- [WHAT YOU ARE ASKED TO DO]: Exact copies of the lines from the one with "In one clause, the" through the last line of the entries, and no pictures, make up the answer.

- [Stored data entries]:
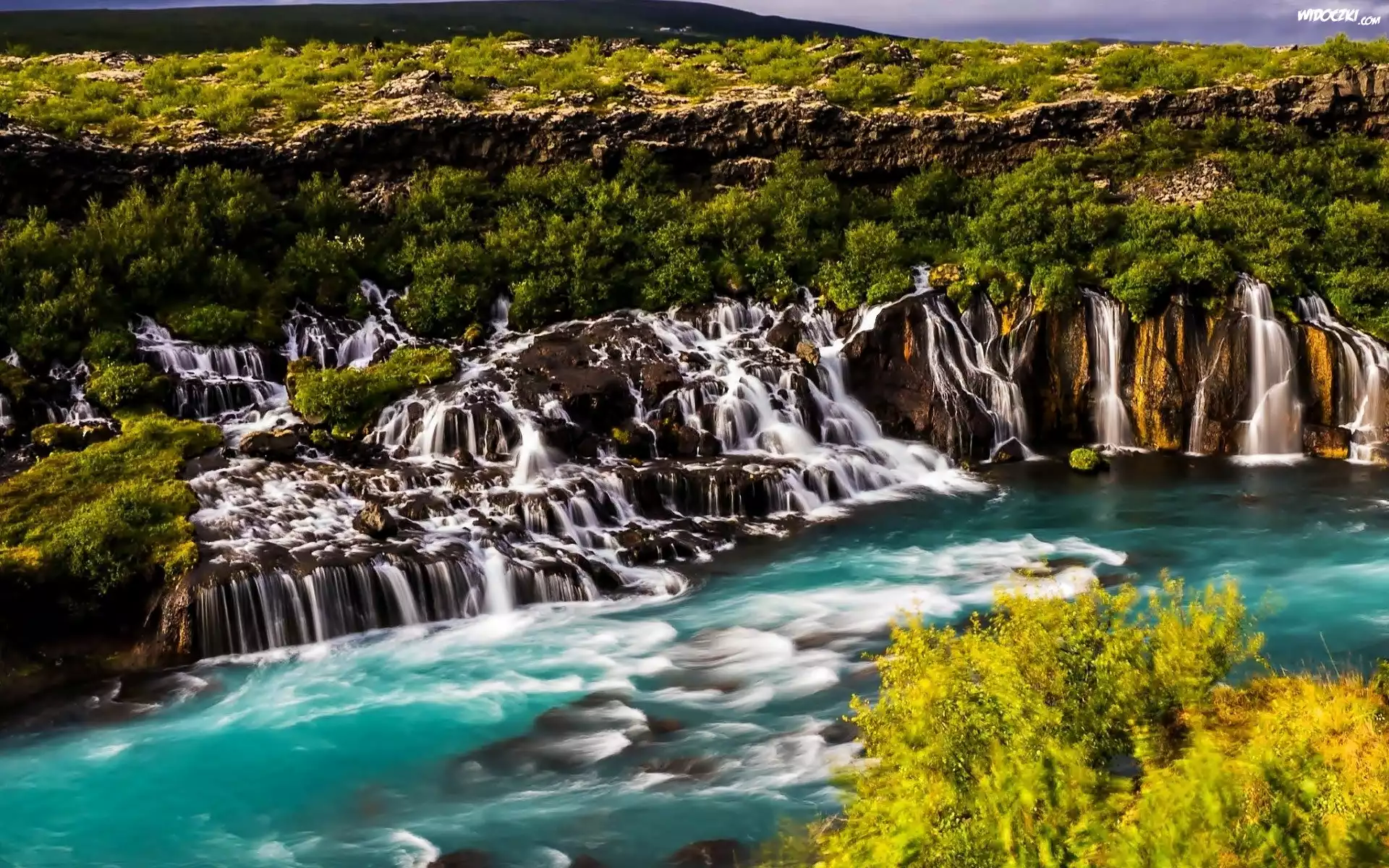 Zdjęcia, Wodospady, Rzeka, Roślinność
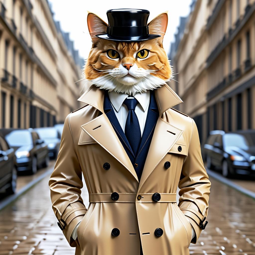 Anthropomorphic cat in a stylish trench coat, highly detailed and styled with a professional and formal look.
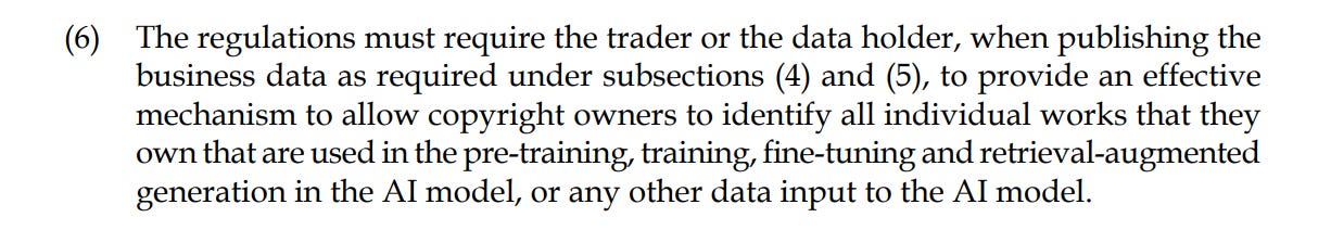 In one clause, the legislation even asks for a clear mechanism that helps people identify their individual works.
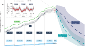 Following record-level declines in 2020, near-real-time data indicate that global CO2 emissions rebounded by 4.8% in 2021, reaching 34.9 GtCO2. These 2021 emissions consumed 8.7% of the remaining carbon budget for limiting anthropogenic warming to 1.5 °C, which if current trajectories continue, might be used up in 9.5 years at 67% likelihood.
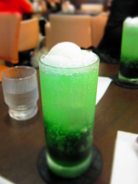 ちょっとエグいくらいに緑が鮮やかなソーダの上に、お子様が喜ぶアイスクリーム!
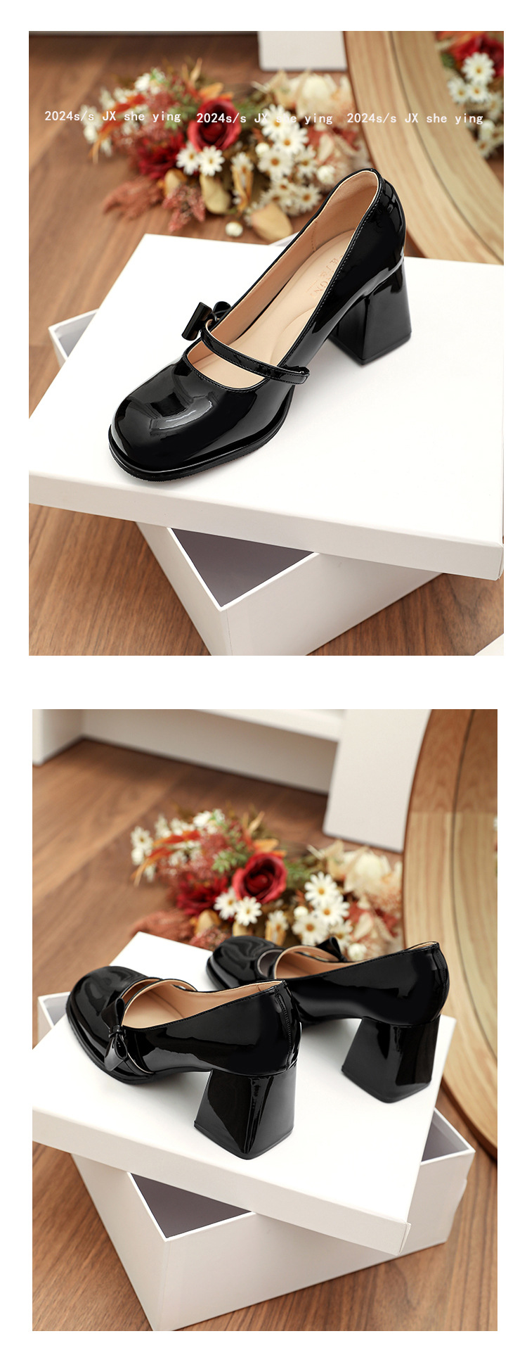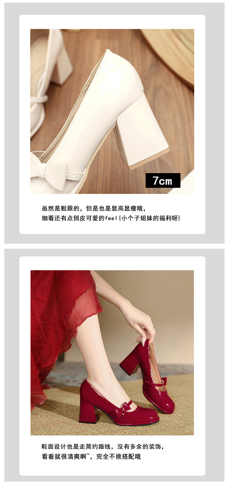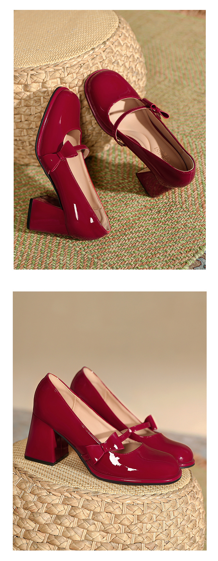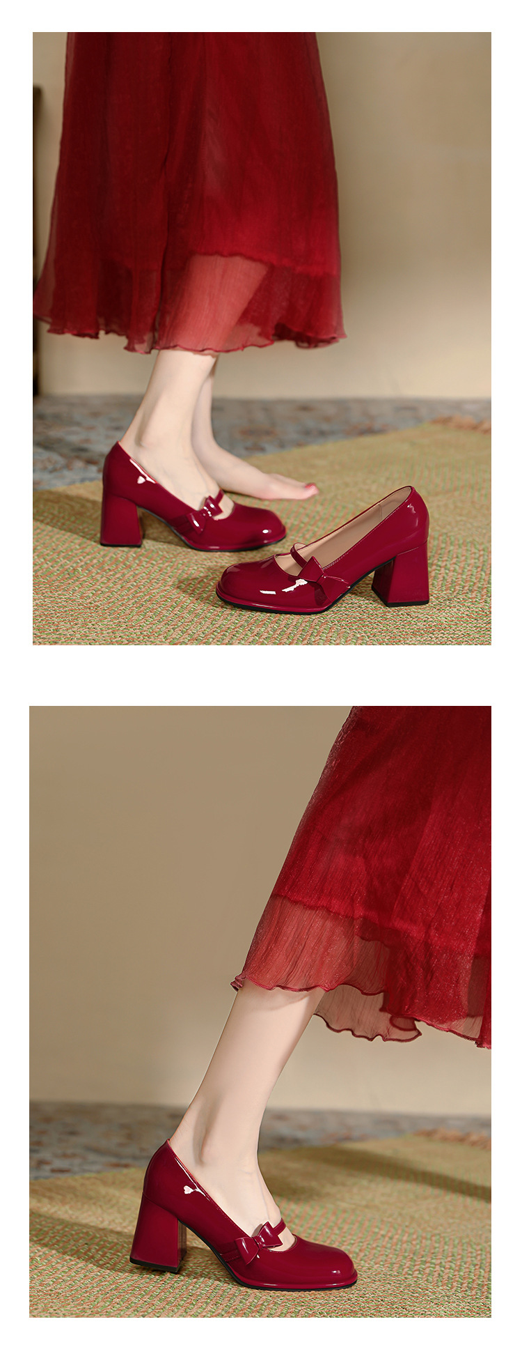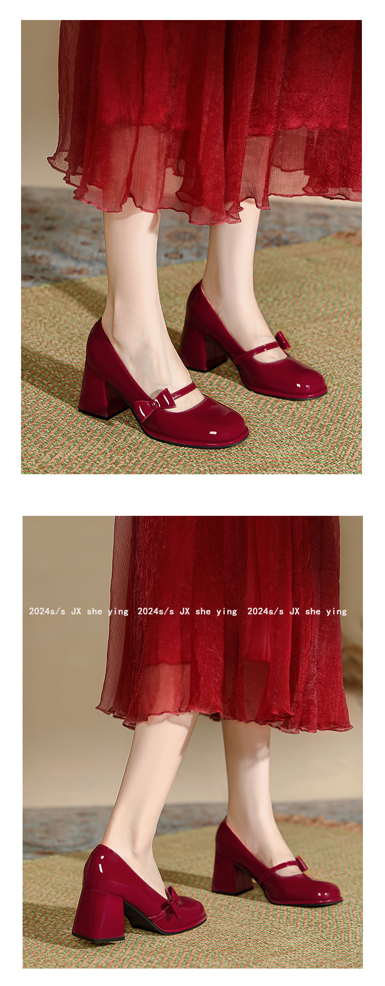 MZ-9 레드 메리 제인 신발 여성 스몰 사이즈 두꺼운 발 뒤꿈치 둥근 머리 결혼식 신발 기질 플러스 사이즈 뚱뚱한 발 폭 41 43 4스토어 가기

- [RESPONSE FOR THIS EXERCISE]:
 In one clause, the legislation even asks for a clear mechanism that helps people identify their individual works.
 Following record-level declines in 2020, near-real-time data indicate that global CO2 emissions rebounded by 4.8% in 2021, reaching 34.9 GtCO2. These 2021 emissions consumed 8.7% of the remaining carbon budget for limiting anthropogenic warming to 1.5 °C, which if current trajectories continue, might be used up in 9.5 years at 67% likelihood.
 ちょっとエグいくらいに緑が鮮やかなソーダの上に、お子様が喜ぶアイスクリーム!
 MZ-9 레드 메리 제인 신발 여성 스몰 사이즈 두꺼운 발 뒤꿈치 둥근 머리 결혼식 신발 기질 플러스 사이즈 뚱뚱한 발 폭 41 43 4스토어 가기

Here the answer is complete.